Штейн что-то сказал. Мами подняла сияющий взгляд, ожидая или одобряя. Лина, терпеливо улыбаясь, томно покачала головой и пером.

— Мертвым не был? — переспросила она. — Я была совсем маленькая, но все это помню как сейчас. Мы отдыхали после полудня, и вдруг кто-то пришел, из усадьбы послали сказать, что он ночью умер. Отец говорит: «Я бы тебя высек, чтобы не лгала, а все же — может, это знамение».

— Чем же ты виновата? — засмеялась Змейка. — Другое дело — я, известная врунья…

— Вечно ты прибедняешься! — умилилась Мами и помахала мягкими пальцами.

— Отец любил правду, — ответила Лина Маузер.

Я увидел, как из-под грима, из-под годов блудилища или кабака, на лице ее проступила крестьянская честность, а может, и суровость.

— И потом, — сказал я, — такой девочке этого не выдумать.

— Прямо как сейчас вижу, — сказала она. — Стоит мой крестный, на шее черный платок и ударяет по сапогу кожаным хлыстом.

Мы со Штейном выпили еще, одни, в темном маленьком холле, у двери в ванную. Желтые стены были увешаны фотографиями, портретами почти наверняка умерших людей — кладбище подруг и любовников, летопись распутства, безумия и слез, обратившаяся теперь в блеклые головы, причесанные на прямой пробор, в профили, сохранившие по воле фотографа страсть или томность, причем казалось, что и другой, невидимый глаз вот-вот покажется, являя на благо потомкам взгляд, исполненный любви и привета.
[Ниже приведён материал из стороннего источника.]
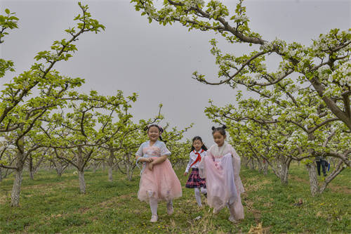 昌乐庄园梨花节现场,少女身着传统服装,奔跑在花海中,享受踏青的愉悦之情 宋建国摄
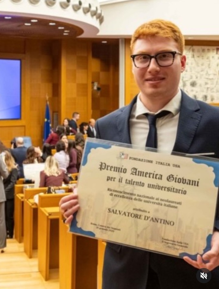 Salvatore D’Antino, 25 anni, di Lucera (FG), neolaureato magistrale al Politecnico di Bari in Ingegneria Gestionale figura tra i mille talenti d’Italia che hanno ricevuto il “Premio America Giovani” dalla Fondazione Italia-USA.
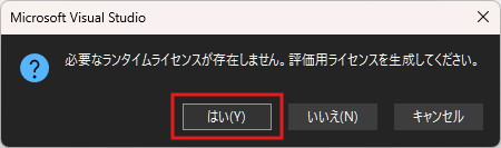 初回書き込み時は評価ライセンスの生成を促されるため,「はい」を選択します。
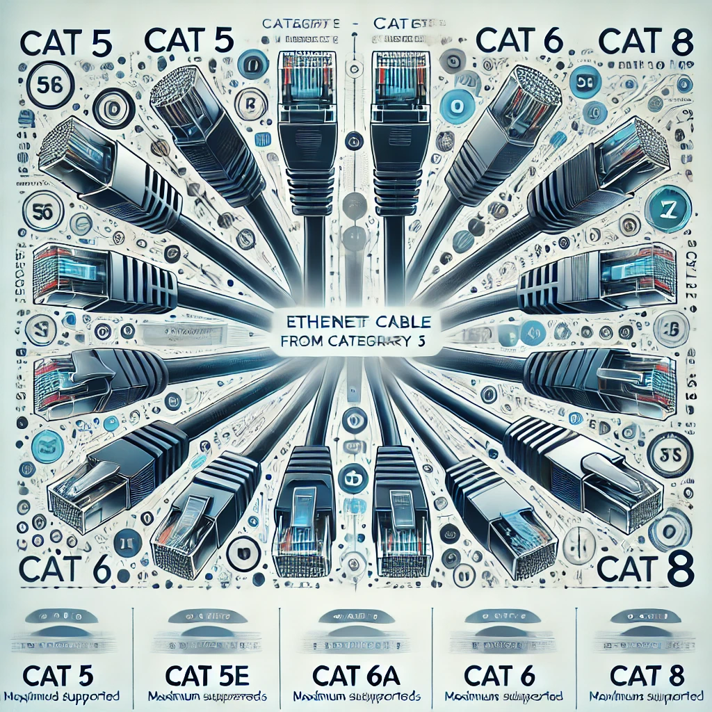 | Cat 5e | 1 Gbps, op til 2,5 Gbps | 100 meter (1 Gbps), 55 meter (2,5 Gbps) | Forbedret version af Cat 5, som kan håndtere 1 Gbps og op til 2,5 Gbps over kortere afstande. |

Неуловимый миг, мечта о полном единении, остановленная на лету невосстановимым случаем и увековеченная на коричневатой фотографии, прибитой к стене, — на фотографии, которая жива благодаря обещанию и воспоминанию, сокрытым в дарственной надписи. Штейн постукивал ногтем по бокалу, лежа в одной рубахе на неудобной тахтушке, и улыбался выцветшим свидетельствам былого счастья своей подруги.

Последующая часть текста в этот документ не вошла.